Proteins constitute the driving machinery of living systems, since it is they which open and close ion channels, grasp molecules to enzymes and receptors, make alterations within cells, and govern the bending and sliding of muscle filaments. The organisation of protein is still poorly understood. Proteins are formed from 20 different amino acids with an enormous number of possible sequences. Van der Waals forces are involved in the proteins folding into different conformations, with a huge number of possible patterns of attraction and repulsion between the side groups of the protein. During the protein folding process there are non-local interactions between aromatic rings, which has been seen as suggestive of quantum mechanical sampling of possible foldings (3. Klein-Seetharaman). Once formed a protein structure can be stabilised by outwardly facing polar groups and by regulation from non-polar regions within. The coalescence of non-polar amino acid side groups such as two aromatic rings can result in extended electron clouds constituting hydrophobic pockets. Protein conformation represents a delicate balance between forces such as chemical and ionic bonds, and as a result London forces driven by π electrons in hydrophobic pockets can tip the balance and thus govern conformations of protein.

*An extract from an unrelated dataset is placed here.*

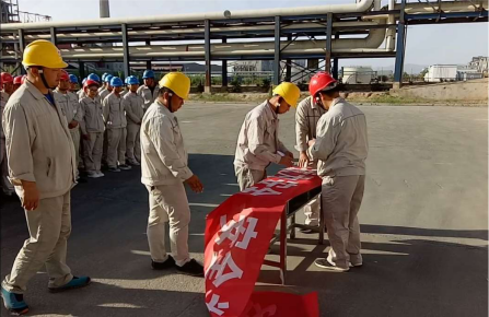 随后总经理尚继荣带领大家宣读以:“我是开云体育官方网站集团一名员工,为了个人安全健康,为了家庭幸福美满,为了公司稳步发展,我郑重宣誓:忠诚企业,恪尽职守,关注安全,珍爱生命。我坚决做到:牢记安全第一,遵守规章制度,遵守操作规程,遵守劳动纪律,不违章,不冒险,不留隐患,不出事故。我将以实际行动,争做安全合格员工,确保生产安全,让企业放心”为内容的安全誓词。最后,在尚总的带头下,所有参会人员在“防风险、除隐患、遏事故”的条幅上签名,承诺自己将以的实际行动,履行好本岗位的安全职责。简单的一个签名不仅签下对自己和家人的一份责任,同时也签下对企业安全发展的一个承诺。

Anaesthesia appears to be another process involving hydrophobic pockets in protein. A century ago Meyer & Overton showed that the potency of anaesthetic gases correlated with their solubility in lipid-like mediums, and for a long time this was assumed to mean that the lipid cell membrane was the site of action. However, Franks and Lieb (4.) showed that anaesthetic agents act in the hydrophobic pockets in protein, by means of London forces.

Microtubules are comprised of the protein tubulin. Tubulin has a dimer form with an alpha and beta monomer joined by a ‘hinge’. The tubulin has a large non-polar region in the beta monomer just below the ‘hinge’. Other smaller non-polar regions with π electron rich indole rings, are distributed throughout the tubulin with distances of about two nanometres between them. The positioning of π electron clouds within about two nanometres of one another is suggested to allow the electrons to become entangled. This entanglement can spread through the microtubule and to other microtubules in the same dendrite and then via gap junctions to other neurons, thus allowing a macroscopic quantum state to extend over a large region of the brain.

Hameroff argues for the information processing potential of microtubules. This idea goes back to Sherrington, the prominent mid-20^th century neuroscientist. The microtubules are formed of 13 filamentous tubulin chains skewed so that the filaments run down the cylinder of the microtubule in a helical form, and hexagonal in that each tubulin dimer has six neighbours. It is argued that if each tubulin stands for an information bit, then the form of this microtubule lattice is suitable for computation. In simulations, interactions with neighbouring tubulins allow processing of information with memory coded into modification of the tubulins (5. Rasmussen et al).

The skewed form of the microtubules means that where winding patterns intersect, they coincide with the attachment of microtubule associated proteins (MAPs), which link microtubules into a scaffolding. In simulations these sites correspond with coherent phonon resonance in the lattice (6. Samsonovich). Hameroff also suggests that the Fibonacci series of the winding pathways on the microtubules match biochemical resonances, and may provide for quantum error correction, which can help to prevent decoherence.